Frequently Asked Questions
What are the potential risks associated with Tildacerfont Group?
"Tildacerfont Group's safety is rated a 2 by our team because it is still in Phase 2 trials. This suggests that while there is some data supporting its safety, there is no evidence yet of the medication's efficacy."
Will this experiment still be helpful for those above the age of 60?
"The age limit for participants in this study is 55 years old. As long as patients are over the age of 18, they may be eligible to enroll."
What are researchers hoping to discover through this study?
"The primary outcome of this study, which will be measured over the course of 24 weeks, is Change in GC dose at Week 24 according to the sponsor's report. Additionally, this trial will measure secondary outcomes such as weight loss (Absolute kg change in body weight), total cumulative HCe dose (Median total cumulative GC dose in HCe), and percent change in fat mass."
Are there any current openings for volunteers in this research project?
"Yes, the information available on clinicaltrials.gov indicates that this study is still looking for patients to enroll. The trial was originally posted on September 29th 2020 and updated as recently as September 1st 2022. In total, 41 different sites across the country are recruiting and a total of 90 participants are needed."

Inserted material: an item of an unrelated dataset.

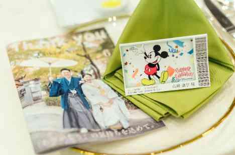大好きなキャラクターが入っている席札にプロフィールブックも全て手作り。表紙には和装で前撮りされた時のお写真を使用し中のページには席次表やドレスでセルフ前撮りをされた時のお写真などを入れられました!おふたりらしい最高の笑顔がチャームポイントのプロフィールブック。とても可愛いアイテムにゲストの方も思わずお写真をたくさん撮っておられました。

In how many different medical centers is this research project being organized and executed?
"Currently, patients are being enrolled at 42 different clinical sites, with 3 Spruce locations in Rhode island, Ohio, and Massachusetts."
What is the sample size of this research project?

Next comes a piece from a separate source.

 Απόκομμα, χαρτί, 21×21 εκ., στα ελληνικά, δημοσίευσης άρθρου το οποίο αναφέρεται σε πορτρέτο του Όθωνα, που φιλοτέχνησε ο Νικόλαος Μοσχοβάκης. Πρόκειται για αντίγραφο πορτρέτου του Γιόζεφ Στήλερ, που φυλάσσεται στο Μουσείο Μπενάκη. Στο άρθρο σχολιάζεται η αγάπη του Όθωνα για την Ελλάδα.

"In order for this clinical trial to be completed, 90 individuals who match the pre-specified inclusion criteria are needed. These potential participants can come from locations such as Spruce Site in Providence, Rhode island and Spruce Biosciences Clinical Site in Columbus, Ohio."
How can I sign up for this clinical trial?
"This clinical trial is seeking 90 participants who have congenital adrenal hyperplasia, are between 18 and 55 years old, and meet the following additional criteria: a documented history of classic CAH due to 21-hydroxylase deficiency based on genetic mutation in CYP21A2 and/or documented elevated 17-OHP, currently receiving treatment with HC, HC acetate, prednisone, prednisolone, methylprednisolone (or a combination of the aforementioned GCs), been on a stable, supraphysiologic dose of GC replacement for ≥1 month before screening., For subjects with"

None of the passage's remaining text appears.